AI-Guided Breast MRI Protocols Cut Scan Times Without Compromising Cancer Detection
June 3, 2025
AI triaging halved breast MRI scan times while preserving diagnostic performance, enabling efficient, adaptive imaging workflows.
Key Details
- Simulation study analyzed retrospective data from 863 women (1,423 MRI exams); 51 breast cancers diagnosed within 12 months.
- AI-directed triaging assigned about 50% of exams to an abbreviated protocol based on real-time suspicion scoring.
- Diagnostic performance: Sensitivity (AI triage 88.2%, conventional 86.3%); specificity (AI triage 80.8%, conventional 81.4%).

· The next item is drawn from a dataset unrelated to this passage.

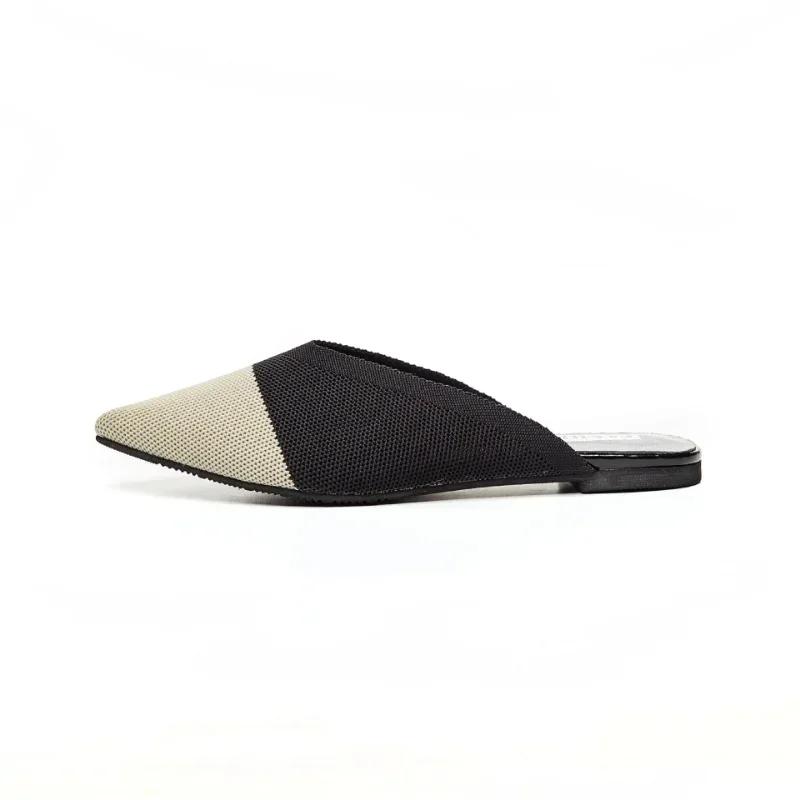Модные женские мюли, летние вязаные, остроносые, женские полуслайды, мюли, мокасины, повседневные тапочки, женские туфли, сандалии на плоской подошве, размер 35-43

- Cancer detection rates were nearly identical (31.6 vs 30.9 per 1,000 exams); interval cancer rates slightly improved with AI triaging (4.2 vs 4.9 per 1,000).
- No cases were missed by abbreviated MRI that would have been detected by the full protocol.
- Study highlights potential for workflow efficiency and personalized MRI acquisition.
Why It Matters
This approach could make high-volume breast MRI screenings more efficient, reducing scan and patient time without sacrificing cancer detection. It marks a step toward adaptive, AI-driven imaging protocols and improved resource utilization in breast imaging.